Dataplot Vol 2 Vol 1

# QUANTILE

Name:
QUANTILE (LET)
Type:
Let Subcommand
Purpose:
Compute a user specified quantile for a variable.
Description:
The qth quantile of a data set is defined as that value where a q fraction of the data is below that value and (1-q) fraction of the data is above that value. For example, the 0.5 quantile is the median.

Dataplot supports two methods for computing the quantile.

The first method is based on the order statistic. The formula is:

$$\hat{X}_q = (1 - r)X_{NI1} + rX_{NI2}$$

where

• X are the observations sorted in ascending order
• NI1 = INT(q*(n+1))
• NI2 = NI1 + 1
• r = q*(n+1) - INT(q*(n+1))

An alternative method is called the Herrell-Davis estimate. This method attempts to provide a lower standard error for Xq by utilizing all the order statistics rather than a single (or a weighted average of two) order statistic. Note that there are cases where the Herrell-Davis has a substantially smaller standard error than the order statistic method. However, there are also cases where the reverse is true.

To compute the Herrell-Davis estimate, do the following:

1. Sort the X in ascending order.

2. A = (n+1)*q - 1

3. B = (n+1)*(1 - q) - 1

4. Wi = BETCDF(i/n,A,B) - BETCDF((i-1)/n,A,B) where BETCDF is the beta cumulative distribution function with shape parameters A and B.

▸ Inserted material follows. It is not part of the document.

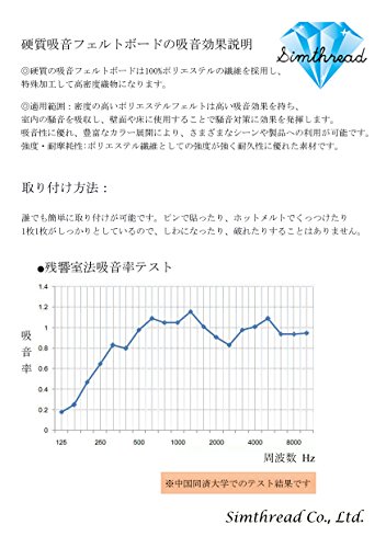 ○ 硬質吸音フェルトボードの吸音効果 ◎硬質の吸音フェルトボードは100%ポリエステルの繊維を採用し、特殊加工して高密度織物になります。 ◎適用範囲:密度の高いポリエステルフェルトは高い吸音効果を持ち、室内の騒音を吸収し、壁面や床に使用することで騒音対策に効果を発揮します。吸音性に優れ、豊富なカラー展開により、さまざまなシーンや製品への利用が可能です。強度・耐摩耗性:ポリエステル繊維としての強度が強く耐久性に優れた素材です。 △取り付け方法: 誰でも簡単に取り付けが可能です。ピンで貼ったり、ホットメルトでくっつけたり 、 1枚がしっかりとしているので、しわになったり、破れたりすることはありません。
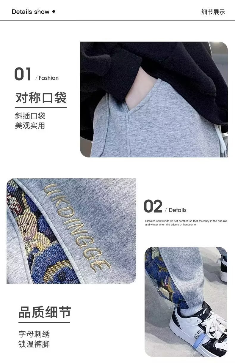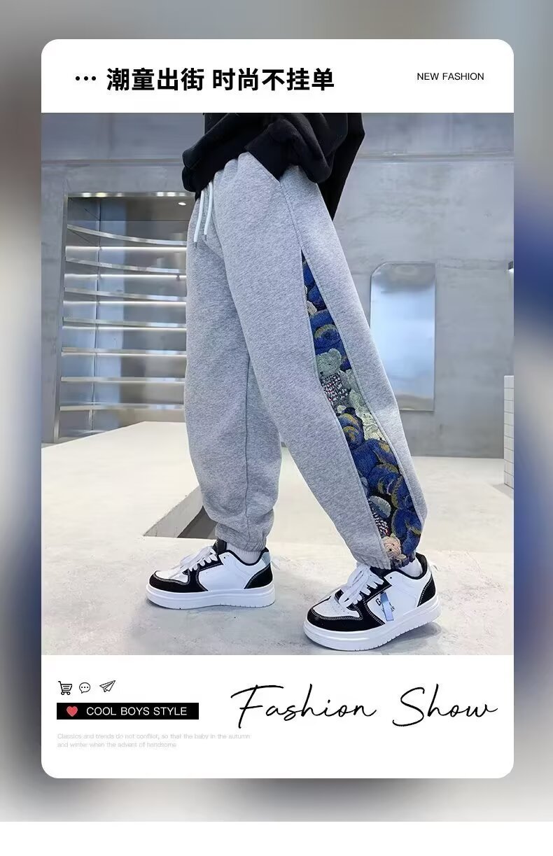 소년 가을 착용 스포츠 바지 2024 새로운 어린이 바지 봄 가을 겨울 기모 운동복스토어 가기

5. $$\hat{X}_q = \sum_{i=1}^{n}{W_{i}X_{i}}$$

Note: The computations for A and B were modified 2/2003 to:

A = (n+1)*q
B = (n+1)*(1 - q)

The original form was from the text in the Wilcox book. However, checking his S+ macros and verifying against the original Herrell and Davis article indicated that the new formulas are the correct ones.

Syntax:
LET <par> = <quant> QUANTILE <y>
<SUBSET/EXCEPT/FOR qualification>
where <y> is the response variable;
<quant> is a number or parameter in the range (0,1) that specifies the desired quantile;
<par> is a parameter where the computed quantile is stored;
and where the <SUBSET/EXCEPT/FOR qualification> is optional.
Examples:
LET A = 0.20 QUANTILE Y

LET XQ = 0.50
LET A = XQ QUANTILE Y SUBSET TAG > 2

Note:
The PERCENTILE command is equivalent to the QUANTILE command using the order statistic method. The only difference is that the requested percentile is given as a percentage between 0 and 100% rather than as a fraction.
Note:
Note that there are a number of other ways of calculating percentiles in common use. Hyndman and Fan (1996) in an American Statistician article evaluated nine different methods (we will refer to these as R1 through R9) for computing percentiles relative to six desirable properties. Their goal was to advocate a "standard" definition for percentiles that would be implemented in statistical software. Although this has not in fact happened, the article does provide a useful summary and evaluation of various methods for computing percentiles. Most statistical and spreadsheet software use one of the methods described in Hyndman and Fan.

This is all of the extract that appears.